“我問秦阿姨這是誰,她沒理我,只是指了指我,對那幾個人說。
“就是這個小畜生,帶走吧,好好治治。”
“我拼命喊,喊“媽,我沒上網,我真的在查資料”!我喊“爸,救我!””
“但我被他們按在地上,用膠帶封住了嘴。”
“被拖上那輛面包車的時候,我透過車窗看見秦阿姨站在樓下。”
張文頓了頓。
“進了這里的第一天……”
張文下意識地縮了縮脖子。
“沒有心理輔導,沒有醫生問診。迎接我的,是當頭一棒。”
“他們把我衣服扒光,讓我像狗一樣在走廊里爬,說是要去去身上的戾氣。”
“我不服,我真的不服。”
張文的眼神里突然迸發出一股倔強。
“我是人,我不是畜生,我也不是瘋子。我為什么要爬?”
“我站起來了。然后……就是那根黑色的電棍。”
少年撩起袖子,露出手臂上一道道蜈蚣一樣猙獰的焦黑傷疤。
“滋啦滋啦的聲音,真的很響。那一瞬間,我徹底懵了。”
“楊院長……哦不,那個惡魔,他踩著我的臉,問我服不服。”
“我瞪著他。我沒哭。真的,我當時一滴眼淚都沒掉。”
“我說:你這是犯法。”
“這句話,換來了三倍的治療。我在小黑屋里被關了七天七夜,沒有光,沒有聲音,只有發霉的食物和一點點可憐的水。”
“出來的時候,我也沒服。楊勇說我有反骨,說我是刺頭,要給我加餐。

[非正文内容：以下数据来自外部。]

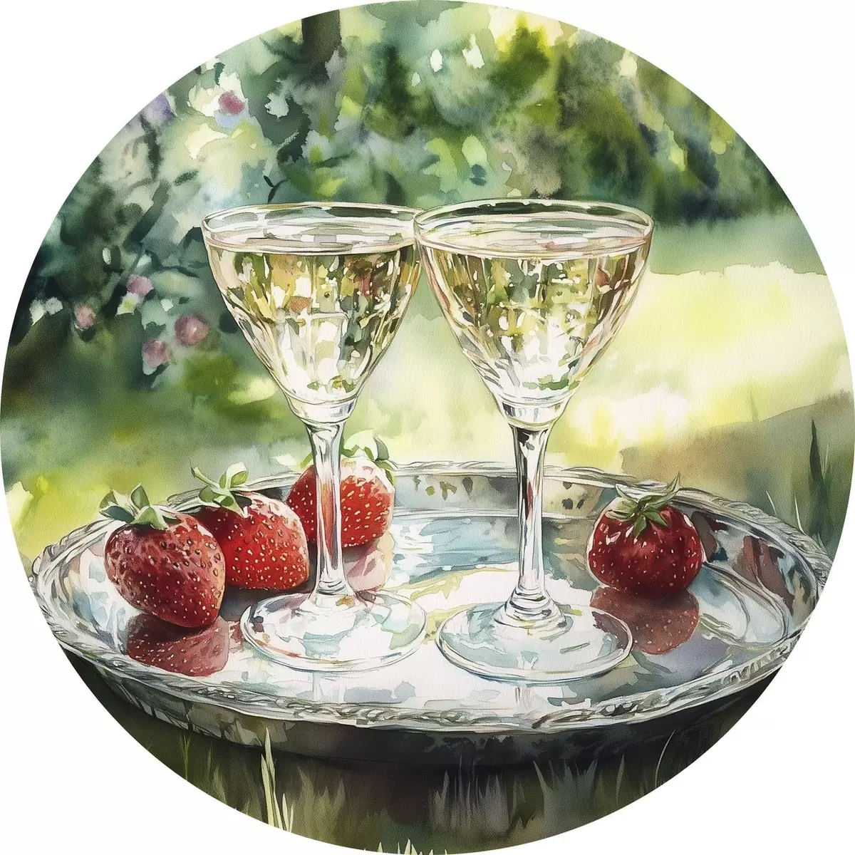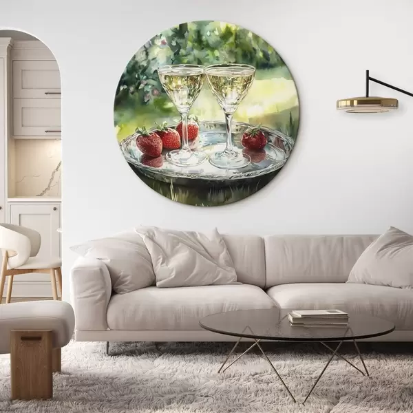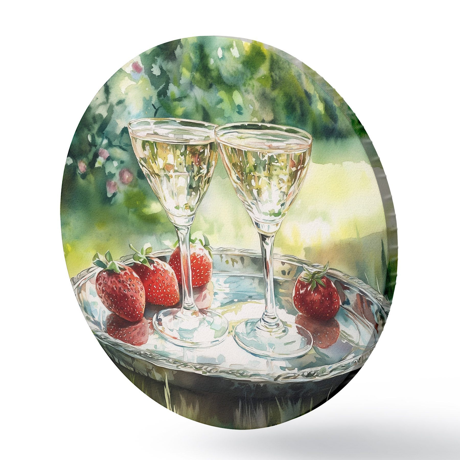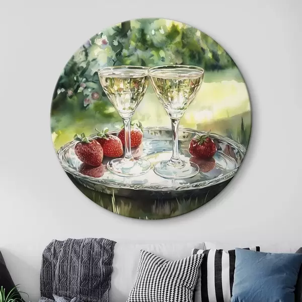 Ronde schilderijen Zomer picknick met champagne en aardbeien, aquarel tekening r43055

”
“出來的時候,我也沒服。楊勇說我有反骨,說我是刺頭,要給我加餐。”
“但是……”
張文的話鋒突然一轉。
“在這個地獄里,我看見了一只螢火蟲。”
“那天深夜,我剛受完刑,像死狗一樣被扔回禁閉室。渾身都疼,動一下都鉆心。”
“隔壁那面墻,突然響了兩下。咚,咚。”
“然后,墻根底下的那個老鼠洞里,遞過來半個饅頭。”
張文伸出手,在空氣中比劃了一下。
“饅頭有點硬,還有點餿味兒,但在那時候,比什么都香。”
“那邊傳來一個很小的聲音。”
“哥們兒,吃吧。吃了就不疼了。”
“我叫孫小天。孫悟空的孫,無法無天的小天。”
“小天!!!”
孫雪發出一聲撕心裂肺的哭喊。
“是我弟弟!那就是我弟弟!小天啊!”
“從那天起,小天就是我的大哥。雖然他比我小好幾歲,個子也比我矮。”
張文的語氣變得溫柔極了。
“他特別會講笑話。每次我快撐不住想撞墻的時候,他就在隔壁給我講他在學校里怎么捉弄老師,怎么去偷摘鄰居家的石榴。”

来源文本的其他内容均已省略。